▶ **EXERCISE PROMPT**: The reply should consist solely of the lines from the one that holds "Start by cooking" through the last line of the material, reproduced exactly; no pictures belong in it.

▶ **TASK MATERIAL**:
* * *
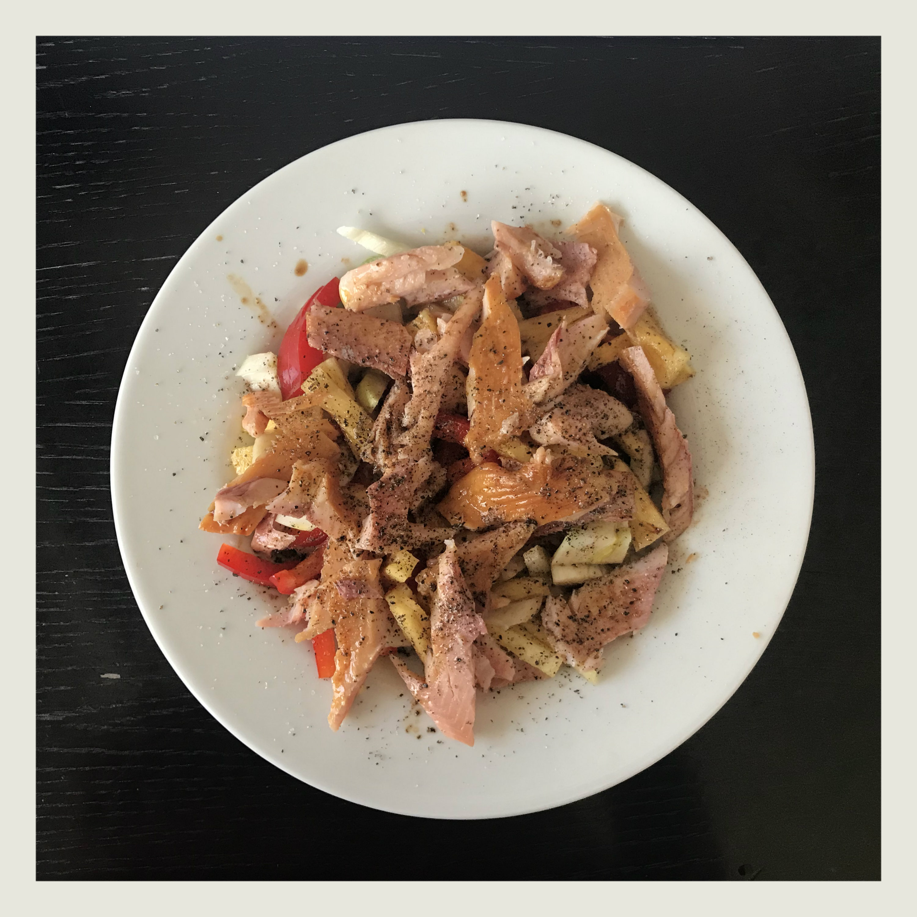 125 g geräuchertes Forellenfilet in Stücke teilen und alles mit einem Dressing aus
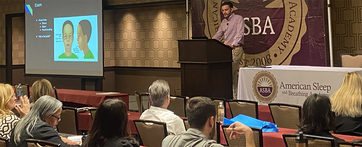 Dr. Andrew Valenzuela presenting on Pediatric Obstructive Sleep Apnea at a recent meeting of American Sleep and Breathing Academy members.
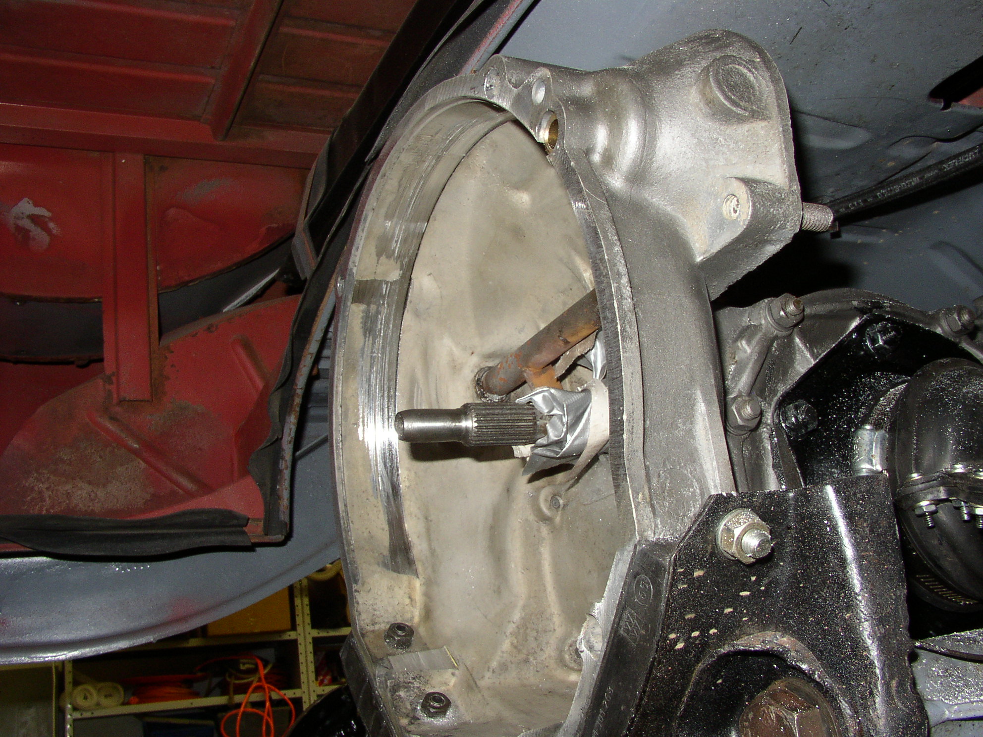 Time for something to laugh at. The trans I had built was an early 60's 6v, probably a small nut, and I put big nut axles on it but my 12v flywheel won't fit in a 6v bell. You know what comes next, the Hillbilly Bridgeport.
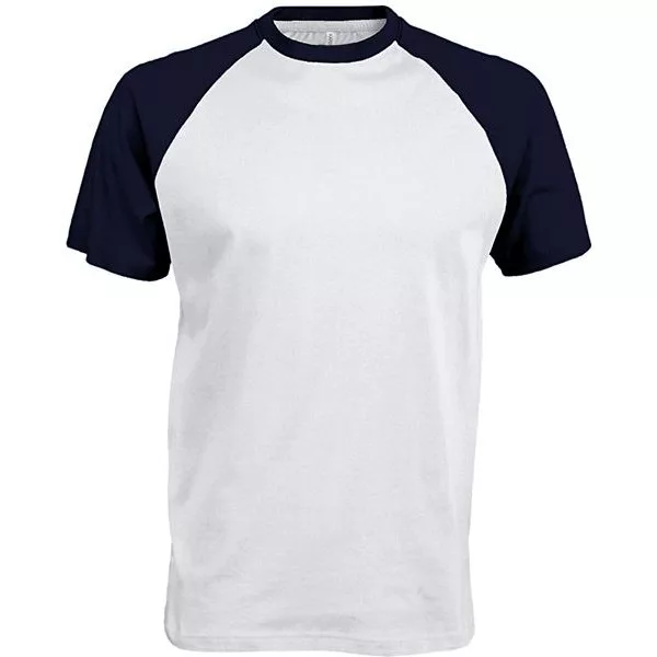 Kiváló minőségű, kontrasztos színű raglán ujjú fehér póló.
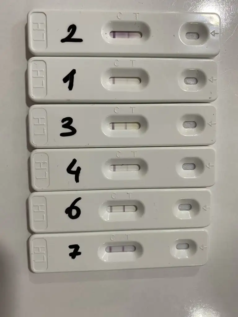 Merhaba sizce ovulasyon olmuş mudur. İlk 2 si açık olanlar saat 18.00 da yapıldı, son 2 si t çizgisi koyu olanlar dün ve bugun 10.00 da
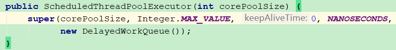 核心线程数为构造参数大小,最大线程数为Integer.MAX_VALUE,最大空闲时间0,任务队列使用DelayedWorkQuquq。
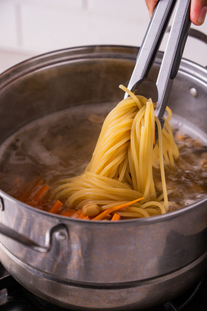 Start by cooking some pasta. I used entire wheat spaghetti, however soba noodles can be nice too!
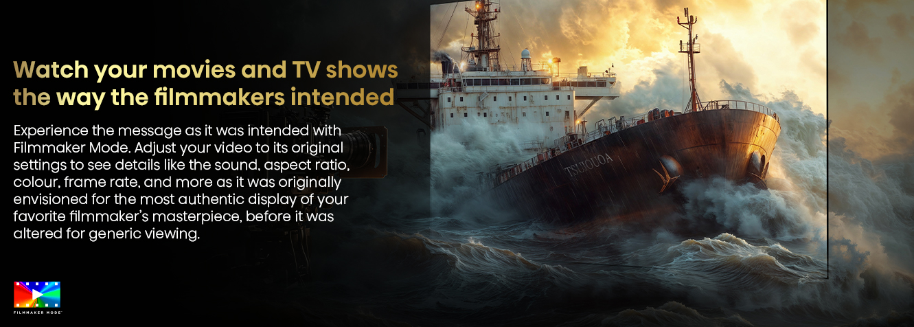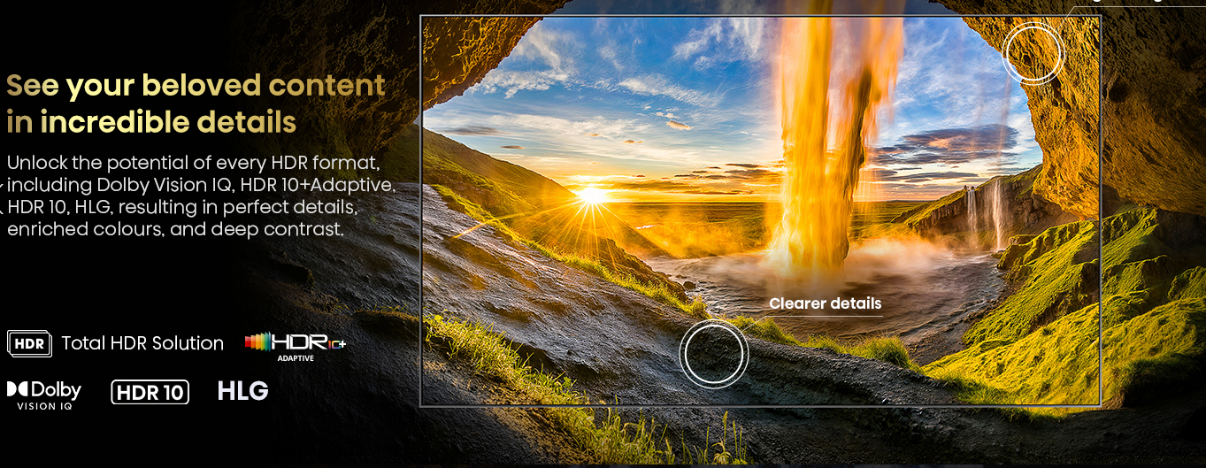 Integrated speakers deliver balanced sound with clear dialogue enhanced bass and room filling audio suitable for movies series and live sports.
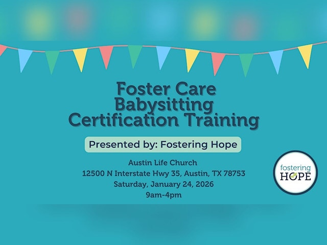 Join us on Saturday, January 24 from 9:00am-4:00pm CT at Austin Life Church for a full-day training designed to equip youth and adults to provide safe, informed, and impactful care for foster, adoptive, and kinship families. Throughout the day, participants will gain practical skills and knowledge in trauma-informed care, medication administration, and safe transportation practices. The afternoon will include CPR and First Aid certification, ensuring you leave confident and prepared to support families in meaningful ways. We’ll begin the morning with coffee and a light breakfast, and lunch will be provided for all registered attendees. Whether you’re looking to become a certified babysitter, volunteer, or simply better understand how to support families in your community, this training offers everything you need in one day. Austin Life Church 12500 N Interstate Hwy 35 Austin, TX 78753 We’d love to have you join us as we work together to strengthen and serve families across Central Texas! For additional details or questions please reach out to our Programs Administrator, Patty Madden at: patty@iamfosteringhope.org
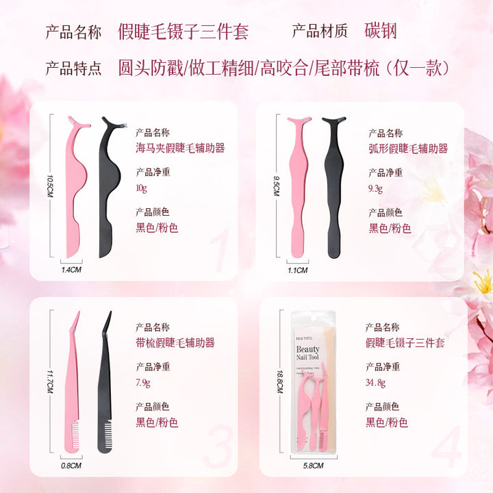 黑色直身睫毛夹, 粉色直身睫毛夹, 黑色带梳弯头夹, 粉色带梳弯头夹, 黑色海马夹假睫毛夹, 粉色海马夹假睫毛夹, 黑色睫毛辅助器三件套, 粉色睫毛辅助器三件套 |
* * *
▶ **YOUR SOLUTION**:
 Start by cooking some pasta. I used entire wheat spaghetti, however soba noodles can be nice too!
 Integrated speakers deliver balanced sound with clear dialogue enhanced bass and room filling audio suitable for movies series and live sports.
 Join us on Saturday, January 24 from 9:00am-4:00pm CT at Austin Life Church for a full-day training designed to equip youth and adults to provide safe, informed, and impactful care for foster, adoptive, and kinship families. Throughout the day, participants will gain practical skills and knowledge in trauma-informed care, medication administration, and safe transportation practices. The afternoon will include CPR and First Aid certification, ensuring you leave confident and prepared to support families in meaningful ways. We’ll begin the morning with coffee and a light breakfast, and lunch will be provided for all registered attendees. Whether you’re looking to become a certified babysitter, volunteer, or simply better understand how to support families in your community, this training offers everything you need in one day. Austin Life Church 12500 N Interstate Hwy 35 Austin, TX 78753 We’d love to have you join us as we work together to strengthen and serve families across Central Texas! For additional details or questions please reach out to our Programs Administrator, Patty Madden at: patty@iamfosteringhope.org
 黑色直身睫毛夹, 粉色直身睫毛夹, 黑色带梳弯头夹, 粉色带梳弯头夹, 黑色海马夹假睫毛夹, 粉色海马夹假睫毛夹, 黑色睫毛辅助器三件套, 粉色睫毛辅助器三件套 |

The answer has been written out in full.